JeffTran
- Parent: City of Jefferson
- Founded: 1974
- Headquarters: Operational: Charles E. Robinson station 820 E. Miller St. City Hall: John G. Christy Municipal Building 320 E. McCarty St.
- Locale: Jefferson City, Missouri
- Service type: bus service, paratransit
- Routes: 6
- Hubs: 2
- Fleet: 22 total buses (12 full sized buses, 10 paratransit buses)
- Annual ridership: 299,408 (2016)
- Division Director: Mark Mehmert
- Website: JeffTran

= JeffTran =

Public transit company

JeffTran is a public transit agency in Jefferson City, Missouri.

It operates six regular fixed bus routes with two transport hubs and on call curb to curb paratransit service during typical weekday business hours. During the school year, JeffTran also provides three afternoon specialty tripper routes for all passengers, but is intended to take high school students on a direct route from a school to a transport hub.

In 2016, JeffTran provided service to 299,408 riders, down from 313,750 riders in 2015.

Live bus tracking is also available through DoubleMap's website and their Android and Apple apps for passengers' convenience.

==Fares==
Fares are valid as of September 9, 2018.

===One way fares===

Regular fixed route: $1

===Other passes===

Adult passes: $20 for 20 rides

Student passes: $18 for 20 rides

===Free and reduced fares===

Children under six years of age ride free while pre-approved seniors and disabled persons are eligible for half-fare rides.

===Transfer fares===

Transfers are free and are given to the customer upon request to the driver for use at the transport hub.

===Paratransit fares===

In addition, paratransit service may be provided for persons with limited mobility who call one day in advance and pay a $2.00 one way fare.

==Routes==

| Name | Type | Notes |
|---|---|---|
| Red Route/Business 50 East | regular | weekdays only |
| Black Route/Capital Mall | regular | weekdays only |
| Gold Route/High Street West | regular | weekdays only |
| Green Route/High Street East | regular | weekdays only |
| Orange Route/Missouri Blvd | regular | weekdays only |
| Blue Route/Southwest | regular | weekdays only |
| High Street East Tripper | express | school day afternoons only |
| Hutton Lane Tripper | express | school day afternoons only |
| Southside / Tanner Bridge Tripper | express | school day afternoons only |

==Transport hubs==
JeffTran has two transport hubs, which are also locally known as transfer stations.
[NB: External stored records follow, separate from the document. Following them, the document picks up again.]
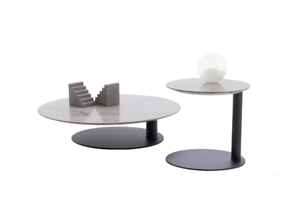 The collection of Kara coffee tables by Désirée, created by designer Marc Sadler, is an elegant series of circular tables.
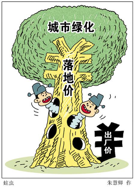 一棵“超级银杏”,出厂价是几千元,但落地价却变成了5万元。动辄花上千万元之巨去找所谓的知名公司进行绿化设计,但其实就是几个刚毕业的学生参照以往案例稍加改动,便“大功告成”。其中巨额的差价都去哪儿了?记者近日调查发现,在一些地方频现绿化奢侈浪费的背后,掩藏“黑色内幕”与“绿色腐败”。(8月20日《京华时报》)
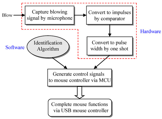 Figure 10 illustrates the implementation procedure of the hardware and software of the proposed blowing-controlled mouse. First, the blowing signal processing was realized in the hardware circuit, which included using the microphone to capture the blowing signal, converting the blowing signal into the corresponding impulses through the hysteresis comparator, and using a re-triggerable one shot to convert the impulses into the corresponding pulse width. To reduce the mutual interference of all the microphones, an identification algorithm to find the maximum blowing pulse width was executed by the MCU. After the identification, the MCU generated the control signals that were sent to the USB mouse controller such as coordinate pulses or the inputs of mouse buttons. Finally, the mouse controller chip directly communicated with the computer via the USB protocol and performed all the mouse functions.
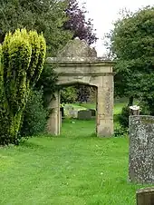 There are three notable monuments in the village. A monolith, made of stone found in nearby Sarsden Wood, was erected in 1891 at the behest of the 3rd Earl of Ducie, commemorates William Smith. A memorial fountain, erected in 1870 at the behest of Julia, Countess of Ducie, commemorates her father, James Haughton Langston. Jennifer Sherwood described this fountain as: "Memorably ugly. A squat, square tower with obelisks and flying buttresses carrying a dumpy spire. The water drips from a rude spout at the side."[7] There is also a parish war memorial.
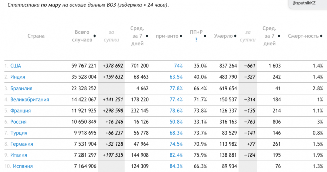 По данным за последние сутки, в мире лидер по заболевшим на душу населения — Франция, число умерших из-за коронавируса там также падает.
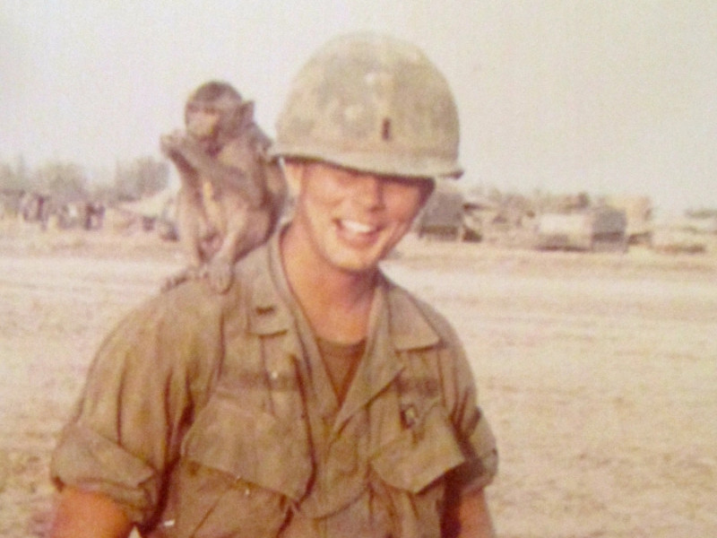 Mr. Abbett with a spider monkey that was his units mascot (photo: provided)
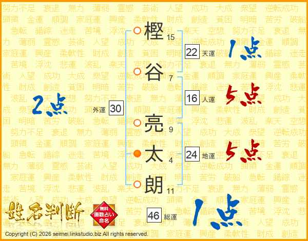 樫(15画)谷(7画) 亮(9画)太(4画)朗(11画)
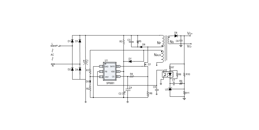 SP6681提供了完整的保護功能,包括逐周期過流保護(OCP),過載保護(OLP),外部過溫保護(OTP),輸出短路保護(SCP),輸出過壓和VDD過壓保護。IC內部頻率轉換技術實現了優(yōu)異的EMI效果,內部工作頻率控制技術使得23KHz頻率以下的能量最小化,來避免工作時產生噪聲。
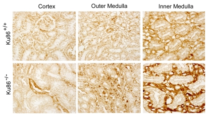 We next tested whether absence of Ku86 makes mouse renal cells more prone to high NaCl-induced cellular senescence in vivo, using expression of the cell cycle regulator p16INK4 as an indicator [16,17]. NaCl normally is always high in the renal inner medullary interstitium associated with its role in the urinary concentrating mechanism, but it is not high in the renal cortex. Using this assay, we previously found only low levels of cellular senescence in both the renal cortex and medulla at 3 months of age. At 12 months expression becomes high in the medulla, but not in the cortex [4]. In the present studies we confirm that in Ku86+/+ mice p16INK4 is not elevated in either renal inner medulla or cortex at 3 months (Figure 3). In contrast, the renal medullas, but not cortex, of Ku86-/- mice already contain numerous senescent cells at this age (Figure 3). Thus, absence of Ku86 greatly accelerates accumulation of senescent cells in the renal inner medulla. As previously noted [4], it is not renal medullary epithelial cells that become prematurely senescent, but adjacent cells that surround the tubules.

The main transport hub is at JeffTran's operational headquarters and serves all routes except Capital Mall. A secondary transport hub is the standalone bus shelter area at the north end of Stonecreek Drive, which is near the parking lot of the Stadium Boulevard Walmart. This second transport hub only serves the Capital Mall and Missouri Blvd routes.
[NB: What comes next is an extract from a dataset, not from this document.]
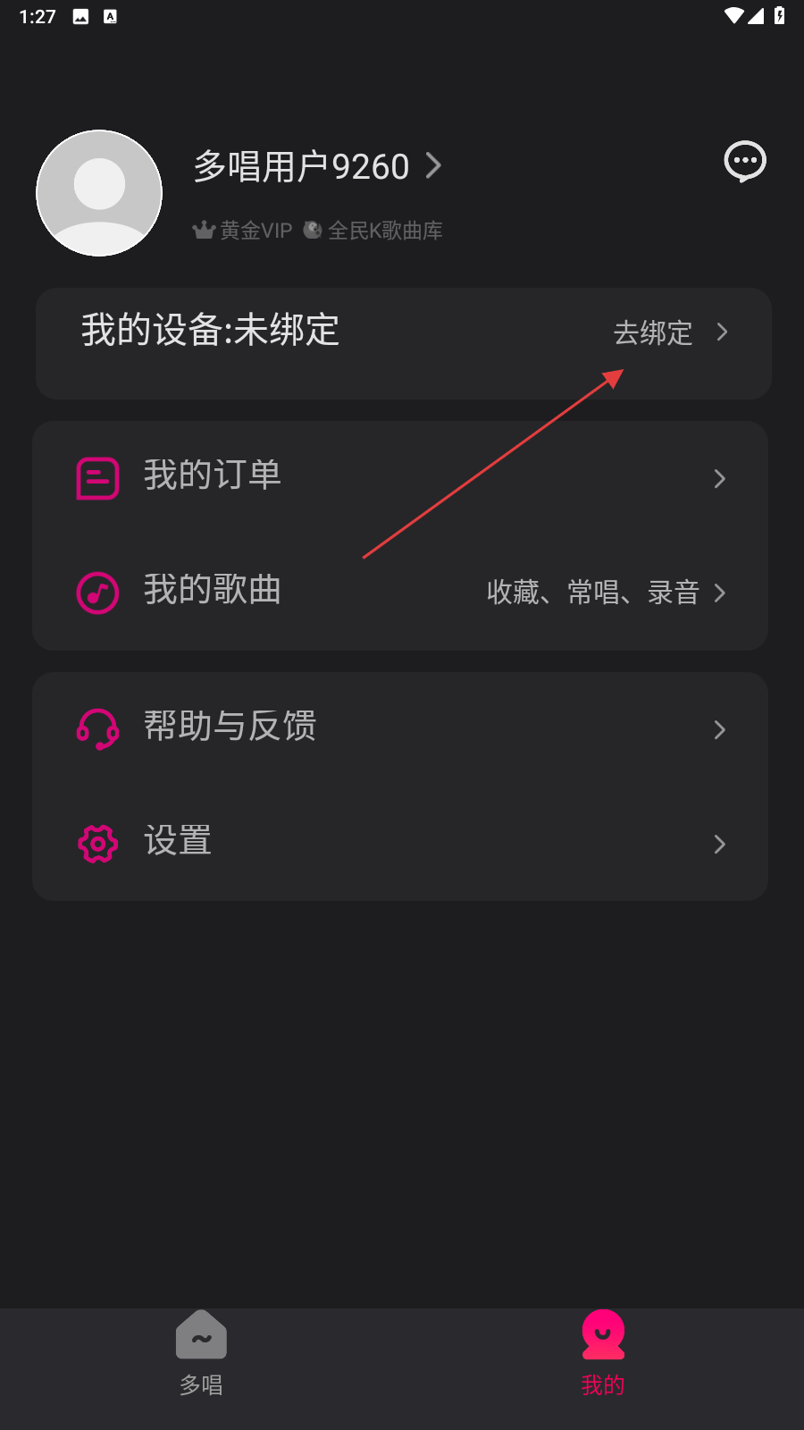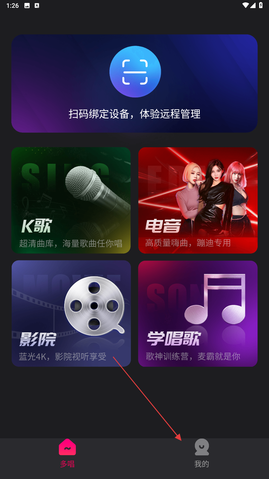 1、啟動(dòng)多唱APP,進(jìn)入到首頁內(nèi),點(diǎn)擊下方我的圖標(biāo)。

This partially decentralized setup means, for example, a person located west of this Walmart who wants to ride Business 50 East, High Street West, High Street East, or Southwest must get on the Capital Mall bus, transfer to the Missouri Blvd bus at the secondary transport hub, and then transfer again at the main transport hub to one of the other listed buses. It also means that anybody riding these routes who want to transfer to the Capital Mall bus have to get on the Missouri Blvd bus at the main transport hub and then transfer to the Capital Mall bus at the secondary transport hub.